Ghazal 74, Verse 2x


sham((a se hai bazm angusht-e ta;haiyur dar dahan
shu((lah-e aavaaz-e ;xuubaa;N par bah hangaam-e samaa((

1) through the candle, the gathering is 'with a finger of amazement on the mouth'
2) at the flame of the voice of beautiful ones, on the occasion of 'hearing'


tahaiyur : 'Being astonished, confounded, or disturbed; astonishment, amazement, wonder'. (Platts p.313)


hangam : 'Season, time, period; —an assembly'. (Platts p.1238)


samaa(( : 'Hearing, listening to; listening to music or singing; the sense of hearing; —singing, song, music (instrumental or vocal); ecstasy occasioned by hearing singing or music (particularly in Derwishes when hearing hymns)'. (Platts p.672)

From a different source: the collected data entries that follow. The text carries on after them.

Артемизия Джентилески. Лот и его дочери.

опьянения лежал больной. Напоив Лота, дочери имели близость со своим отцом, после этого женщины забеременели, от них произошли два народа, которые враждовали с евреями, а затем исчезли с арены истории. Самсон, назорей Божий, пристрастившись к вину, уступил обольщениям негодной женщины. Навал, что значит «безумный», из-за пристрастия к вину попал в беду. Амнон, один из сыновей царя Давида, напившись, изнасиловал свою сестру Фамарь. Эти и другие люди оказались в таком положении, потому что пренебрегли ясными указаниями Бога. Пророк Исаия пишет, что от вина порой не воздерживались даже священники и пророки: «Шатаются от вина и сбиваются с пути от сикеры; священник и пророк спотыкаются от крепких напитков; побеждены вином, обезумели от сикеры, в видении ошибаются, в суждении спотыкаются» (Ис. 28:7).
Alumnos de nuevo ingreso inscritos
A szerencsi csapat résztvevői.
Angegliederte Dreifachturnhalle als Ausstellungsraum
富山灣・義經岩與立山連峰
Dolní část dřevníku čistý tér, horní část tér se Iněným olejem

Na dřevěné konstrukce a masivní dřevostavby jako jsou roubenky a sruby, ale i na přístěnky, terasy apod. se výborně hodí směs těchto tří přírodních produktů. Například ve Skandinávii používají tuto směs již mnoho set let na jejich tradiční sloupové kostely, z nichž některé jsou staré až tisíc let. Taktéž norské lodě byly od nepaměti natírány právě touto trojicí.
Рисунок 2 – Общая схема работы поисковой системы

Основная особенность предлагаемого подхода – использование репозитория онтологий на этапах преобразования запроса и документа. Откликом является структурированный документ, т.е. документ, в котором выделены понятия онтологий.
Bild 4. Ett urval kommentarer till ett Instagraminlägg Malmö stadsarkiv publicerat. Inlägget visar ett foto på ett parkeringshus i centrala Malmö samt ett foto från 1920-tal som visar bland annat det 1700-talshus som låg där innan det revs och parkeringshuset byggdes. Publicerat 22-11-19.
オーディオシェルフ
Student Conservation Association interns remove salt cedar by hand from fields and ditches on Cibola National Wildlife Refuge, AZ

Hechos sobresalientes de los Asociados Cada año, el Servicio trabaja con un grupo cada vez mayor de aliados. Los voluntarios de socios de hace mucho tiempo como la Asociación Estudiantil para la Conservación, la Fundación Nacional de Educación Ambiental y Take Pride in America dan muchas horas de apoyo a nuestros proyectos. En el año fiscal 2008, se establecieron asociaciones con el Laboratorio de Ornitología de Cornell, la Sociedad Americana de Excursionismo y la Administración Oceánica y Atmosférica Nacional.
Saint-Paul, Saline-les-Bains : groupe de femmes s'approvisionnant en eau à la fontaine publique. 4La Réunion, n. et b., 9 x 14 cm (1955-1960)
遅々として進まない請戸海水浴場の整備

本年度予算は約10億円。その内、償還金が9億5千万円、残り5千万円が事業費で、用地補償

Because of the candle, the gathering seems to have a finger of amazement on its mouth, and this amazement is because of the 'hearing' of the flame of the voice of beautiful ones.

== Asi, p. 138


This verse is [like {74,1}] from that same sequence [silsilah], which is related to the mood of the night.

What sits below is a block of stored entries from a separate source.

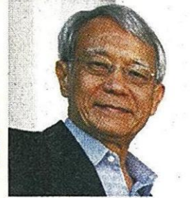
ยงยุทธ ยุทธวงศ์ รองนายกรัฐมนตรี ควบ รมว.กระทรวงวิทยาศาสตร์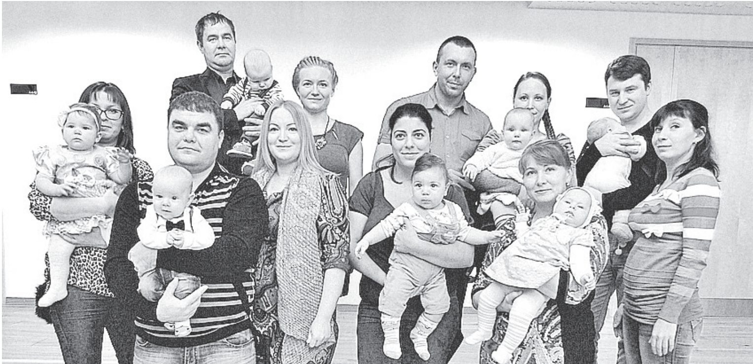
Новые граждане волости вместе с родителями.

И добро пожаловать в музей! ЕКАТЕРИНА МУРАВЬЁВА 392 4634 Vaivara Sinimägede Muuseum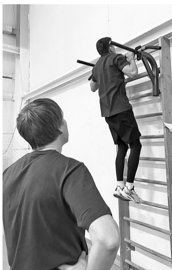
Дружеская поддержка обязательна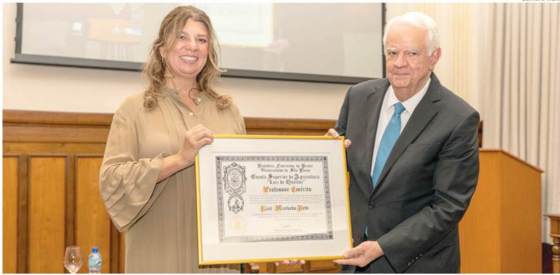
Ato de entrega da honraria integra a celebração dos 125 anos da Esalq

curso ressaltaram seu papel na consolidação da pesquisa científica na instituição, sua atuação em programas de internacionalização e sua contribuição para a criação de iniciativas acadêmicas inovadoras.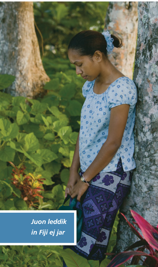
Juon leddik in Fiji ej jar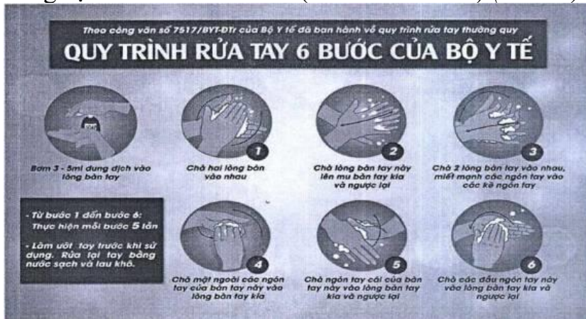
Hình 3: Các bước rửa tay theo hướng dẫn của Bộ Y tế

a. Thường xuyên rửa tay đúng cách bằng xà phòng dưới vòi nước sạch, hoặc bằng dung dịch sát khuẩn có cồn (ít nhất 60% cồn) (Hình 3).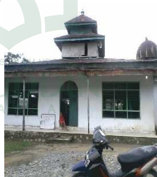
MASJID PONDOK PESANTREN MUHAMMADIYAH DARUL ARQAM BALEBO MASAMBA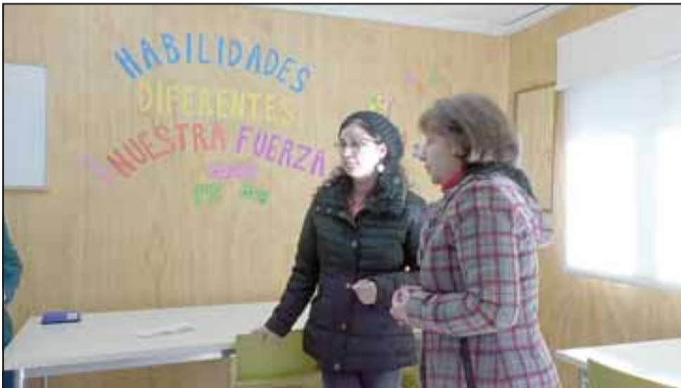
También se habilitó una sala para el trabajo del equipo del Programa de Integración Escolar.

to, que a la fecha suman 109 niños y niñas, lo que permite que los niños asistan abrigados y con toda la indumentaria día a día a clases.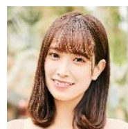
佐々木久美 (日向坂 46)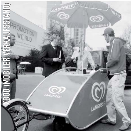
XBOB (MOBILER VERKAUFSSTAND)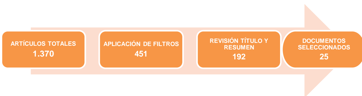
Figura 1: diagrama de selección de artículos. Elaboración propia

Tras realizar la primera búsqueda el resultado fue de 1.370 artículos en total. Tras la aplicación de los filtros señalados anteriormente, dicho número quedó reducido a 451. Posteriormente se procedió a eliminar duplicados y tras efectuar una revisión de título y resumen el número de artículos de quedó reducida a 192. En función de la relevancia de los artículos y para dar respuesta a los objetivos propuestos se seleccionaron un total de 25 documentos ( Tabla 4 y figura 1 ).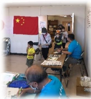
中国結びの体験と切紙の体験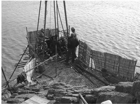
图6 西堠门大桥钻探钢管桁架式施工平台

架式架空钻场,租用建筑用脚手架,在低潮位时用风钻钻出桁架固定支点,现场安装固定,平台面高出高潮位不低于1.5 m,平台上铺设竹片,平台四周加高度不低于1.2 m护栏(图6),完成单孔孔深达60余米。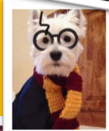
↑映画に出てそうです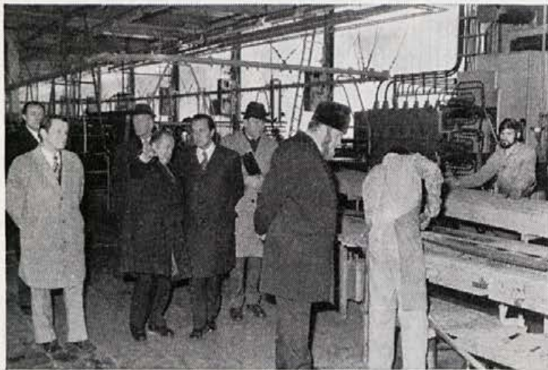
Z zanimanjem so spremljali potek proizvodnje

The meaning is that when beautiful ones sing, then the candle becomes a finger in the teeth of the people of the gathering.

== Zamin, p. 202

Gyan Chand:

In the gathering, when beautiful ones sing, then at the 'heat' of their voice the gathering becomes 'with a finger of amazement on the mouth'. A 'finger of amazement on the mouth' [angusht-e ta;haiyur dar dahan] is an idiom [from Persian]; this action is in fact a sign of amazement. The candle resembles a finger-- so to speak, it is the 'finger of amazement' of the gathering. Listening to the music of mystic knowledge is called samaa(( .

== Gyan Chand, p. 231


CANDLE: {39,1}
SPEAKING: {14,4}

For background see S. R. Faruqi's choices. This verse is NOT one of his choices; I thought it was interesting and have added it myself. For more on Ghalib's unpublished verses, see the discussion in {4,8x}.

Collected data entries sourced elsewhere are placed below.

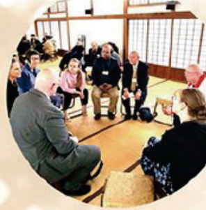
टोकियो राष्ट्रिय संग्रहालय भ्रमण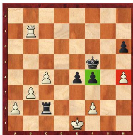
Neymann – Weber Stuttgart 2013

46.a4 Kg4 47.a5 Kf3 48.Tf7 Te2+ 49.Kd1 Txf2 50.c5 e3 51.Te7 Tf1+ 52.Kc2 e2 53.b4 e1D 54.Txe1 Txe1 55.a6 Kg4 56.b5 f3 57.a7 Te8 58.b6 f2 59.b7 f1D 60.b8D Dc4+ 0–1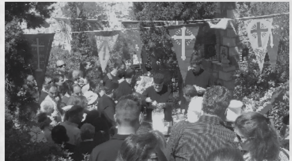
Η διανομή γάλακτος κατά την εορτή του Αγίου Γεωργίου

Επιμέλεια κειμένου π. Χαράλαμπος Βαρβαγιάννη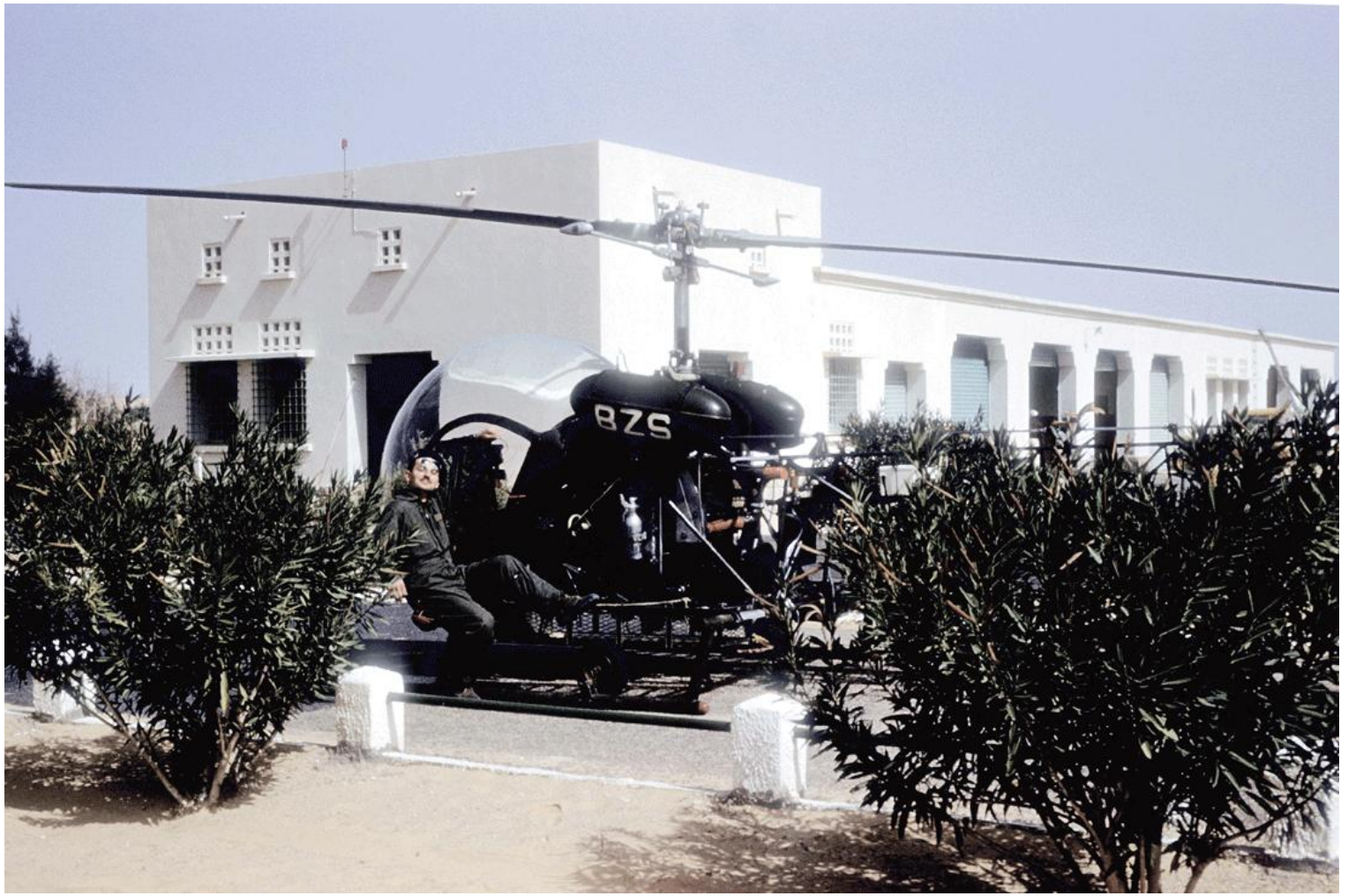
1 er PA ZES, El-Golea, en février 1962, l'Agusta-Bell n° 105/BZS.

The image of the 'flame of a voice' has a strong element of synesthesia-- is it a flame (as would suit the 'candle'), or a voice (as would suit the 'hearing')? There's a lot to be said about this potent image; it's used in {147,1}, and is discussed there. A more extensive discussion is provided by Faruqi in M{472,6}.

Moreover, in the ghazal world, the eyes of beautiful ones can and do 'speak' not only without words, but even in active opposition to words; see {44,1} on collyrium as the enemy of the voice.

There's also the question of the general meaning of samaa(( as 'hearing, listening to' anything, or to any kind of music, versus its specific Sufistic meaning of listening to mystically revelatory music in a devotional setting (see the definition above).

One of the aspects of the state of ;hairat or 'amazement' (on this see {51,9x}) is that one is struck dumb and cannot find words; thus the 'mouth' has no words emerging from it, but merely a finger on it. Of course, this finger is really on the lower teeth, which are accessible because the mouth is open and the jaw dropped (thus the gesture has nothing in common with the finger-on-the-lips 'hush' gesture we know in English). For discussion, and an illustration, see {50,1}. For another angusht-e ;hairat dar dahaan , see {369x,4}.

As usual when he makes use of idioms, Ghalib has framed the verse so that both the colloquial meaning of the expression (the gathering is amazed), and the literal one (the gathering has the 'finger' of the candle on its teeth), are evoked. But in this case the literal meaning seems forced and implausible; it just doesn't work very well, so that the whole effect seems unduly contrived.

In any case, this verse that seems to be about music, or at least sound, may in fact be about silence.